ACTIVITY
Pictures are to be omitted; everything else in the data must be transcribed exactly.

INPUT DATA
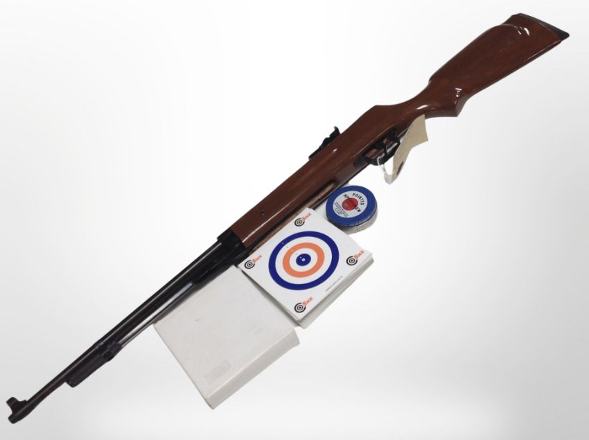 A BAM .22 calibre air rifle, tin of pellets and a quantity of paper targets
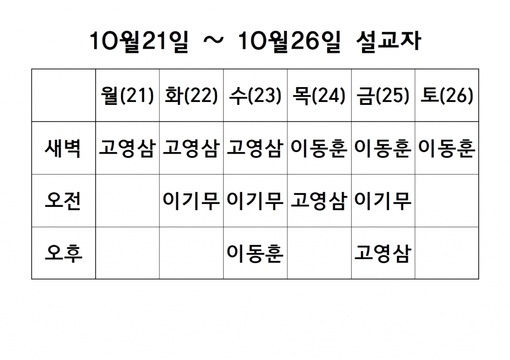 553 [집회설교자]2025년 9월29일 ~ 2025년 10월4일 설교자명단  이지현 2025-09-26 163
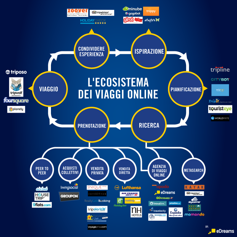 eDreams raccoglie in questo studio le diverse tappe che affronta l’utente nel processo di acquisto di un viaggio online e alcuni del pricipali agenti coinvolti.
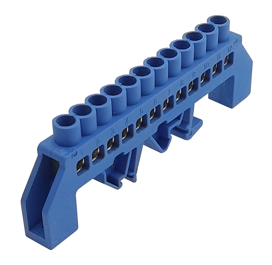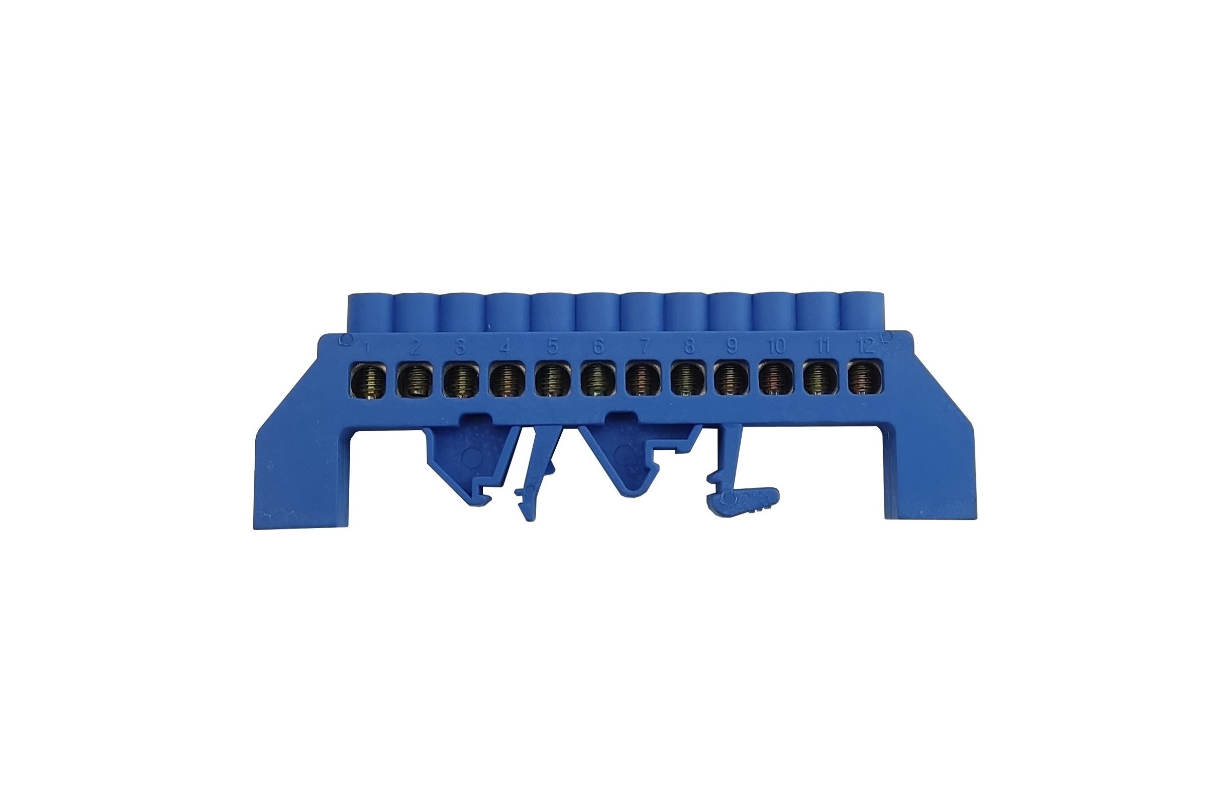 Шина універсальна ізольована «N» на DIN-рейку ШЛУ6х9-12 синій — призначається для електричного та механічного з’єднання нульових, захисних та фазних провідників.

RESPONSE AREA
 A BAM .22 calibre air rifle, tin of pellets and a quantity of paper targets
 553 [집회설교자]2025년 9월29일 ~ 2025년 10월4일 설교자명단  이지현 2025-09-26 163
 eDreams raccoglie in questo studio le diverse tappe che affronta l’utente nel processo di acquisto di un viaggio online e alcuni del pricipali agenti coinvolti.
 Шина універсальна ізольована «N» на DIN-рейку ШЛУ6х9-12 синій — призначається для електричного та механічного з’єднання нульових, захисних та фазних провідників.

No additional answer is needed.